先看stack(),如图。stack()是将原来的列索引转成了最内层的行索引,这里是多层次索引,其中AB索引对应第三层,即最内层索引。
再看unstack(),如图。显然,unstack()是stack()的逆操作,这里把最内层的行索引还原成了列索引。但是unstack()中有一个参数可以指定旋转第几层索引,比如unstack(0)就是把第一层行索引转成列索引,但默认的是把最内层索引转层列索引。
二、具体例子
3.1 stack
DataFrame.stack(self, level=-1, dropna=True)[source]
说明:
- level : int, string, or list of these, default -1 (last level) Level(s) of index to unstack, can pass level name (从外到里 0,1,3,… n 或者是 -n,… -2,-1 。 默认是-1,即最里层)

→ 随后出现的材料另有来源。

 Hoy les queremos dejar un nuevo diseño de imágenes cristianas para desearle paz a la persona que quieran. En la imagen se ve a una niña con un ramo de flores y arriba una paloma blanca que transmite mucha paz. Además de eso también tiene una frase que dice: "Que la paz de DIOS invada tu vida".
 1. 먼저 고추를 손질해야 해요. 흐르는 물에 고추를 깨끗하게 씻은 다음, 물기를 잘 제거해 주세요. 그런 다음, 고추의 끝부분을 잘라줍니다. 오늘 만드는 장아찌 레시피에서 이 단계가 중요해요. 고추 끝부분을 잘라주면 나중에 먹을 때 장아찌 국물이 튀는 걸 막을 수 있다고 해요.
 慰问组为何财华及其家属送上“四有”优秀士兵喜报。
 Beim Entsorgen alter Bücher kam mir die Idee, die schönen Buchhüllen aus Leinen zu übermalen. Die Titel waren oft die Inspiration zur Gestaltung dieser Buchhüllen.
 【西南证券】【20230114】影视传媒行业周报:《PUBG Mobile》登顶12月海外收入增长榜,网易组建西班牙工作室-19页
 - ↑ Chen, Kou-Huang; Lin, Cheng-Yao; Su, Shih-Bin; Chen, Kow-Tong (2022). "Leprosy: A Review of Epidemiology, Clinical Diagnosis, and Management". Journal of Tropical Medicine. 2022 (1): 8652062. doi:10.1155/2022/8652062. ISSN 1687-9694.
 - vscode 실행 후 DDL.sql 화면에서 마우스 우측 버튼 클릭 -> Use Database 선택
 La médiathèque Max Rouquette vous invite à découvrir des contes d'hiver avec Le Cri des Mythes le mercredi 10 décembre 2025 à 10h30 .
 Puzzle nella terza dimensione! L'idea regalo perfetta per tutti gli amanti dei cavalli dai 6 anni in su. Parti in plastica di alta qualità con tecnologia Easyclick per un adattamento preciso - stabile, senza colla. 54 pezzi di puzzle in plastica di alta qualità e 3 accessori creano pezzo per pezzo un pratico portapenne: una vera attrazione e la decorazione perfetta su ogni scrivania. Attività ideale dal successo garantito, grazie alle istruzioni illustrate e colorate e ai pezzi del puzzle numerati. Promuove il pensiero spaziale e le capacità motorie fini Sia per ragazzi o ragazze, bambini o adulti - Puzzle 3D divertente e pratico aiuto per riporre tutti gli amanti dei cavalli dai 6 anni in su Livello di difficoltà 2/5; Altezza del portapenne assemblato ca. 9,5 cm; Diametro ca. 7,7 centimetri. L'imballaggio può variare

- fill_value : replace NaN with this value if the stack produces missing values
例子
>>> df_single_level_cols = pd.DataFrame([[0, 1], [2, 3]],
... index=['cat', 'dog'],
... columns=['weight', 'height'])
Stacking a dataframe with a single level column axis returns a Series:
>>> df_single_level_cols
weight height
cat 0 1
dog 2 3
>>> df_single_level_cols.stack()
cat weight 0
height 1
dog weight 2
height 3
dtype: int64
Multi level columns: simple case
>>> multicol1 = pd.MultiIndex.from_tuples([('weight', 'kg'),
... ('weight', 'pounds')])
>>> df_multi_level_cols1 = pd.DataFrame([[1, 2], [2, 4]],
... index=['cat', 'dog'],
... columns=multicol1)
Stacking a dataframe with a multi-level column axis:
>>> df_multi_level_cols1
weight
kg pounds
cat 1 2
dog 2 4
>>> df_multi_level_cols1.stack()
weight
cat kg 1
pounds 2
dog kg 2
pounds 4
Missing values
>>> multicol2 = pd.MultiIndex.from_tuples([('weight', 'kg'),
... ('height', 'm')])
>>> df_multi_level_cols2 = pd.DataFrame([[1.0, 2.0], [3.0, 4.0]],
... index=['cat', 'dog'],
... columns=multicol2)
It is common to have missing values when stacking a dataframe with multi-level columns, as the stacked dataframe typically has more values than the original dataframe. Missing values are filled with NaNs:
>>> df_multi_level_cols2
weight height
kg m
cat 1.0 2.0
dog 3.0 4.0
>>> df_multi_level_cols2.stack()
height weight
cat kg NaN 1.0
m 2.0 NaN
dog kg NaN 3.0
m 4.0 NaN
Prescribing the level(s) to be stacked
The first parameter controls which level or levels are stacked:
>>> df_multi_level_cols2.stack(0)
kg m
cat height NaN 2.0
weight 1.0 NaN
dog height NaN 4.0
weight 3.0 NaN
>>> df_multi_level_cols2.stack([0, 1])
cat height m 2.0
weight kg 1.0
dog height m 4.0
weight kg 3.0
dtype: float64
Dropping missing values
>>> df_multi_level_cols3 = pd.DataFrame([[None, 1.0], [2.0, 3.0]],
... index=['cat', 'dog'],
... columns=multicol2)
Note that rows where all values are missing are dropped by default but this behaviour can be controlled via the dropna keyword parameter:
>>> df_multi_level_cols3
weight height
kg m
cat NaN 1.0
dog 2.0 3.0
>>> df_multi_level_cols3.stack(dropna=False)
height weight
cat kg NaN NaN
m 1.0 NaN
dog kg NaN 2.0
m 3.0 NaN
>>> df_multi_level_cols3.stack(dropna=True)
height weight
cat m 1.0 NaN
dog kg NaN 2.0
m 3.0 NaN
3.2 unstack
DataFrame.unstack(self, level=-1, fill_value=None)[source]
说明:
- level : int, string, or list of these, default -1 (last level) Level(s) of index to unstack, can pass level name (从外到里 0,1,3,… n 或者是 -n,… -2,-1 。 默认是-1,即最里层)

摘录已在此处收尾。